Recommended system environment: Ubuntu20 + ROS noetic + python3
sudo apt-get install libedit-dev
git clone git@github.com:DRL-Navigation/img_env.git
cd img_env
catkin_make --only-pkg-with-deps img_env
echo "source `pwd`/devel/setup.bash" >> ~/.bashrc
Enter envs/cfg to configure the yaml to be run. Note, set env_num parameter to run nodes simultaneously.
python create_launch.py test envs/cfg/test.yaml
the first param is task name, other params is yaml file,if you want to run different yaml files together,
python create_launch.py test A.yaml B.yaml C.yaml
the generated file are located at src/img_env/tmp
open up a new terminal
roslaunch img_env test.launch
python env_test.py
envs/state/state.py
following valuse are all type of numpy, and the first dim means robot_num.

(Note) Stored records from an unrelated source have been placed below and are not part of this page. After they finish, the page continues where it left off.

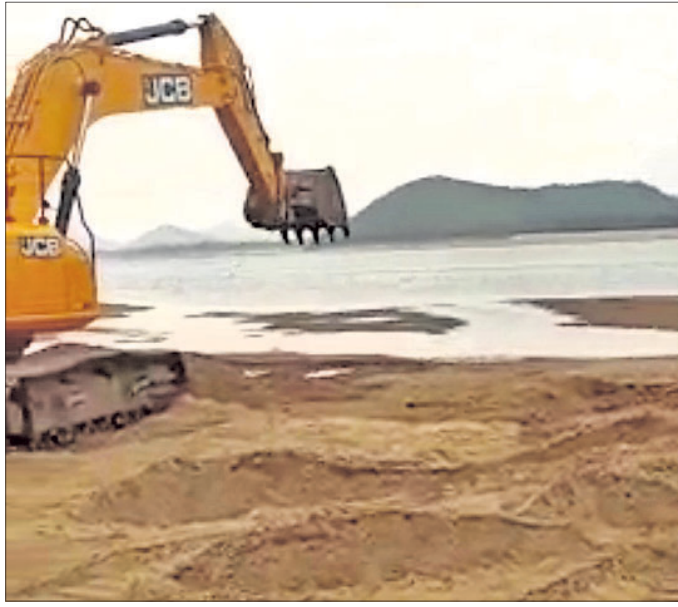
ପ୍ରକଳ୍ପ ପାଇଁ ଜିଏଚ୍‌ସି ଉଦ୍ୟମ ଚାଲିଛି ।

ସହରକୁ ପାଣି ଯୋଗାଇବାକୁ ହେଲେ ପାଣିପିନ୍ଧି ପାଇଁ ପ୍ରକଳ୍ପ ପାଇଁ ଜିଏଚ୍‌ସି ଉଦ୍ୟମ ଚାଲିଛି ।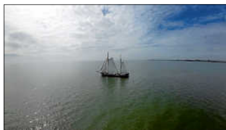
Unser Zweimaster Allure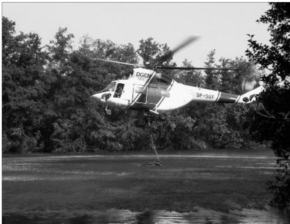
► Un helicóptero carga agua en el río Nela

Apunta Muñoz que este tipo de denuncias "se ha convertido en cosa seria", pues el denunciado deberá abonar los gastos de la extinción, por lo que la chuletada le puede costar más cara de lo previsto a quien ha encendido un fuego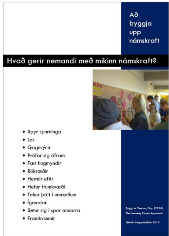
MYND 4-7 VEGGSPJÖLD UM NÁMSKRAFT NEMENDA.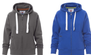
GRIGIO SMOKE BLU ROYAL

vector_states, [robot_num, state_dim] vector,state_dim=3 which means the x,y position and yaw to target
sensor_maps, [robot_num, batch, 48, 48] egocentric sensor map.
is_collisions, [robot_num] 0 means no collision, 1 means get collision with static obstacles, 2 means get collision with pedestrians, 3 means get collision with other robots.
is_arrives, [robot_num] 1 means reach the goal while 0 is not.
lasers, [robot_num, laser_range_total] original laser scan data.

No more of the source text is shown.